*Exercise objective:* Set down, word for word, each line from the top of the data through the line that has "toward Moab. | ||"; omit every picture.

*Data:*
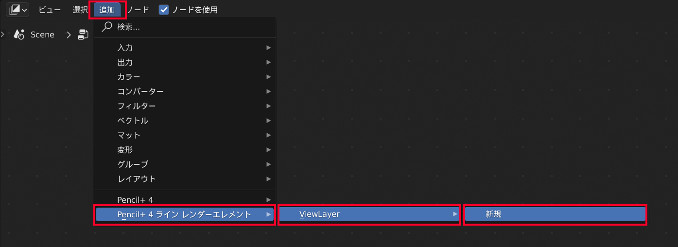 コンポジターエディターのメニューから [追加] を選択し、 [Pencil+ 4 ライン レンダーエレメント]-[ViewLayer]-[New] を選択すると、 [Pencil+ 4.Line Render Element.ViewLayer] ノードが新規で追加されます。
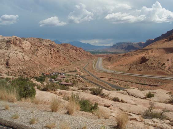 | It's a pretty steep climb into the park proper but it provides a lovely view back down the valley looking toward Moab. | ||
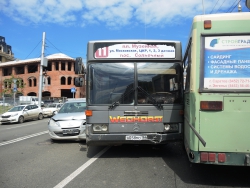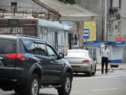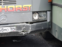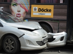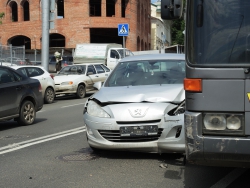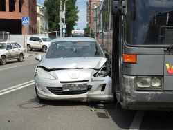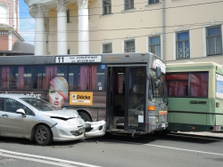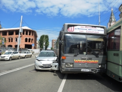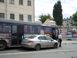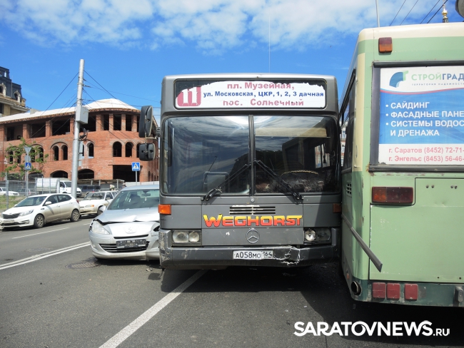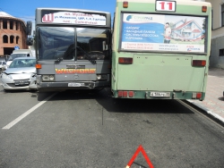 Следуя по Московской в сторону набережной, автобус маршрута №11 столкнулся с "Пежо" и припаркованным автобусом аналогичного маршрута. Иномарка получила серьезные повреждения передней части, от удара у нее отвалились номера. Водитель "Пежо" от комментариев отказался, заявив, что он не является виновником этой аварии.
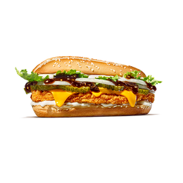 Duguljasto pecivo, 14 g majoneza, 14 g zelene salate, 16 g teriyaki sosa, 3 kolutića luka, 4 kolutića kiselih krastavaca, 2 kriške sira, 1 dugi pileći file, još 14 g majoneza i donje duguljasto pecivo.

*The completed task:*
 コンポジターエディターのメニューから [追加] を選択し、 [Pencil+ 4 ライン レンダーエレメント]-[ViewLayer]-[New] を選択すると、 [Pencil+ 4.Line Render Element.ViewLayer] ノードが新規で追加されます。
 | It's a pretty steep climb into the park proper but it provides a lovely view back down the valley looking toward Moab. | ||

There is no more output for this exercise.